States Fight the Tax-Cut Ban
WSJ – April 3, 2021
Thirteen more AGs sue to stop the takeover of state fiscal policy.
By The Editorial Board | 523 words
After its price tag and progressive ambition, the most significant feature of the new Democratic agenda is how it seeks to shift core policy-making powers from state legislatures to Washington. The House of Representatives has already passed one bill that would federalize election rules and another that would undo state right-to-work laws on union membership. The Covid relief bill, now law of the land, includes unprecedented controls over states’ ability to set tax policy.

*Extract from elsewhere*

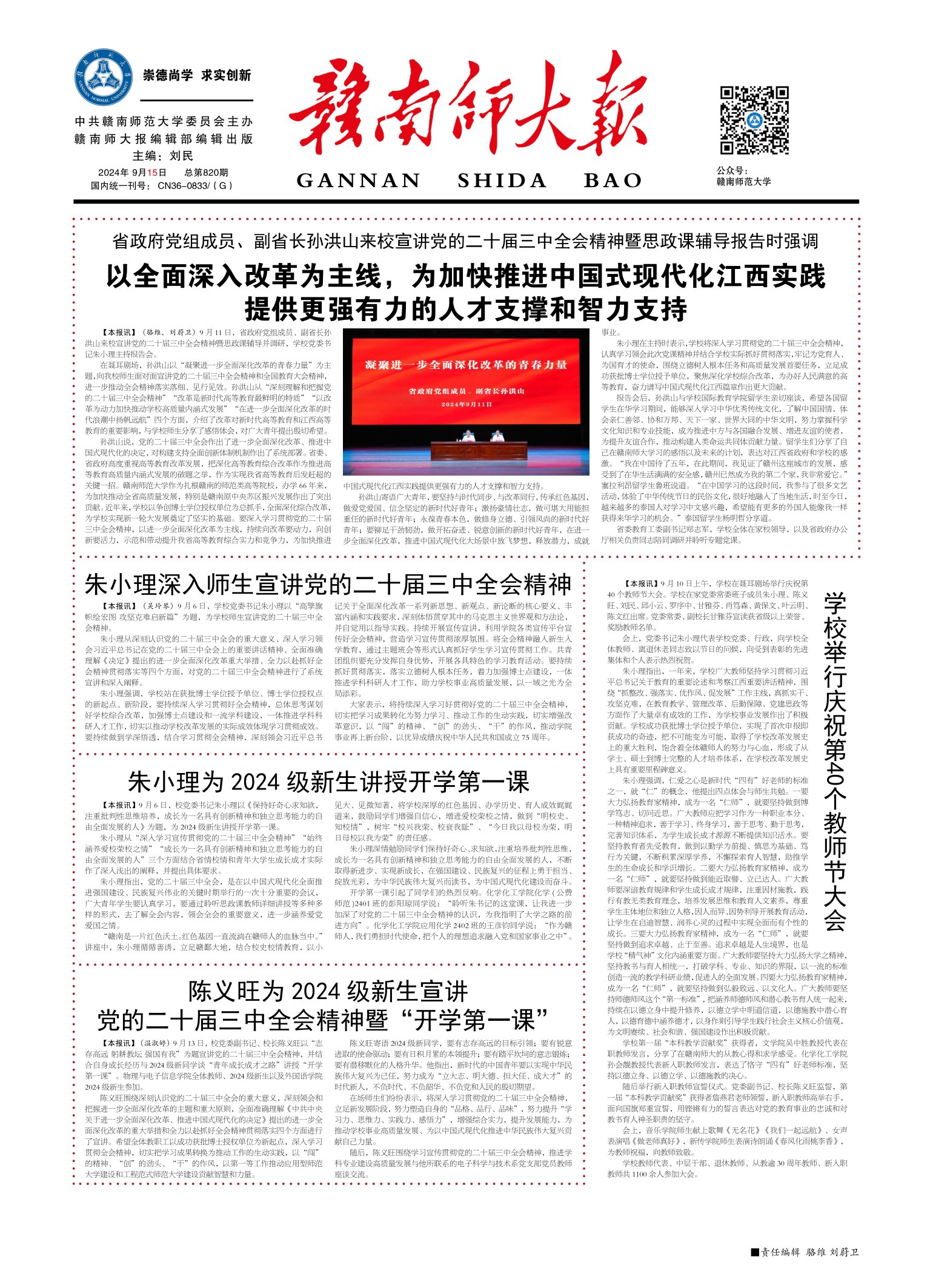 孙洪山说,党的二十届三中全会作出了进一步全面深化改革、推进中国式现代化的决定,对构建支持全面创新体制机制作出了系统部署。省委、省政府高度重视高等教育改革发展,把深化高等教育综合改革作为推进高等教育高质量内涵式发展的破题之举,作为实现我省高等教育后发赶超的关键一招。赣南师范大学作为扎根赣南的师范类高等院校,办学 66 年来,为加快推动全省高质量发展,特别是赣南原中央苏区振兴发展作出了突出贡献。近年来,学校以争创博士学位授权单位为总抓手,全面深化综合改革,为学校实现新一轮大发展奠定了坚实的基础。要深入学习贯彻党的二十届三中全会精神,以进一步全面深化改革为主线,持续向改革要动力,向创新要活力,示范和带动提升我省高等教育综合实力和竞争力,为加快推进中国式现代化江西实践提供更强有力的人才支撑和智力支持。
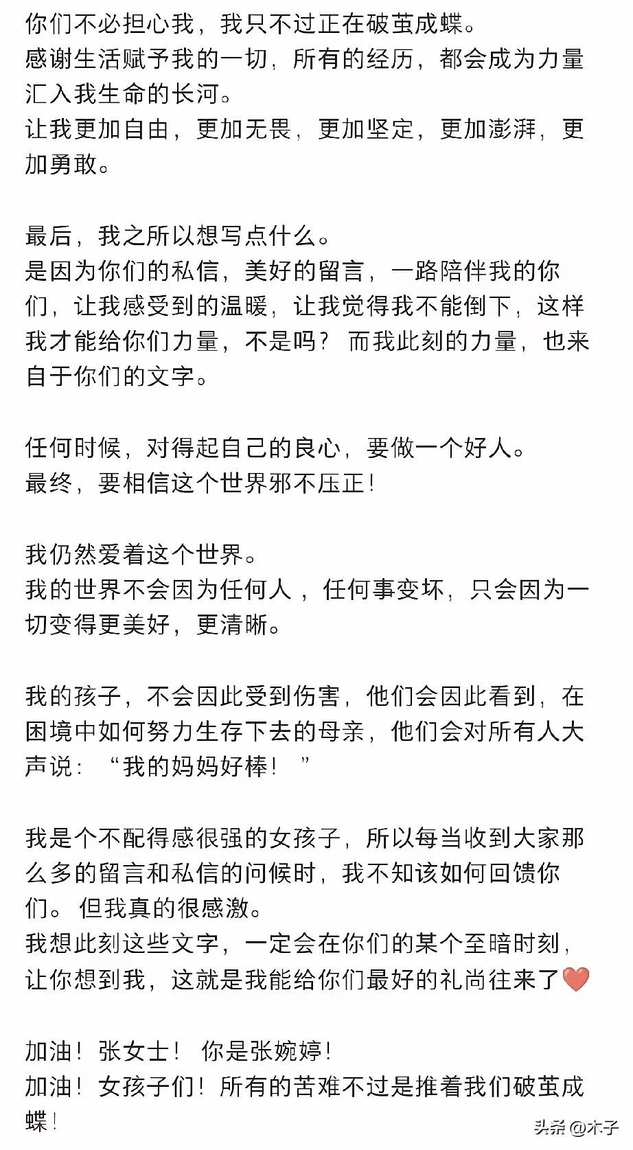 4月11日,宋宁峰出轨风波发酵11天后,张婉婷终于在社交平台发布千字长文首度正式回应,一句“所有的苦难不过是推着我们破茧成蝶,不必担心我”,瞬间把#张婉婷回应离婚# 推上了热搜。

Ohio recently challenged the tax-cut restrictions in federal court, and on Wednesday 13 other states, led by West Virginia Attorney General Patrick Morrisey, followed suit. The challenges are worth watching for their economic impact—and because they offer a preview of how the court system might mediate the contradictions between constitutional federalism and the new progressive juggernaut.
The American Rescue Plan bill distributes $350 billion to state and local governments, but it includes a provision that states can’t use the funds to “directly or indirectly offset” tax reductions. What that means in practice is unclear—and the new lawsuit argues the language “is either impermissibly overbroad, impermissibly vague, or both.”
The Supreme Court’s anti-commandeering doctrine puts strict limitations on how much Congress can lean on states to enact its favored policies. There’s a straightforward small-d democratic reason for this: Voters need to know who to credit or blame for the laws they live under. The brief quotes a 2018 Supreme Court ruling that “if a State imposes regulations only because it has been commanded to do so by Congress, responsibility is blurred.” That puts sand in the gears of the federalist system.
The lawsuit also explains that the funds from Washington are too significant for states to reasonably refuse or raise on their own. West Virginia’s share amounts to a quarter of its 2021 revenue. It’s 21% for Alabama and 29% for Arkansas. “This forced ‘choice’”—of whether to accept federal aid after an economic shock— “commands states to pursue tax policy regimes in the interest of Congress, not of their constituents,” the suit says.
Can Treasury interpret the tax clause narrowly? Maybe. But at a Senate hearing last week, Treasury Secretary Janet Yellen seemed not to have a clean solution in mind. “We will have to define what it means to use money from this act as an offset for tax cuts, and given the fungibility of money, it’s a hard question to answer,” she said.
In other words, Treasury may issue instructions about what kind of tax cuts are and are not permissible. Imagine if a Republican Congress placed severe limitations on states’ ability to raise taxes, subject to exceptions granted by a GOP Treasury Secretary.
In a divided country, federalism can help mediate swings in opinion. Yet the tax clause appears to be Congress’s “pretext for controlling certain disfavored exercises of state taxing and revenue-allocation powers,” as the 13-state suit puts it.
This is merely one manifestation of the growing Democratic ambition to tip the constitutional balance away from federalism, making politics more nationalized, zero-sum and explosive. The tax cases will test if the courts will be a check, or a rubber stamp, on this radical project.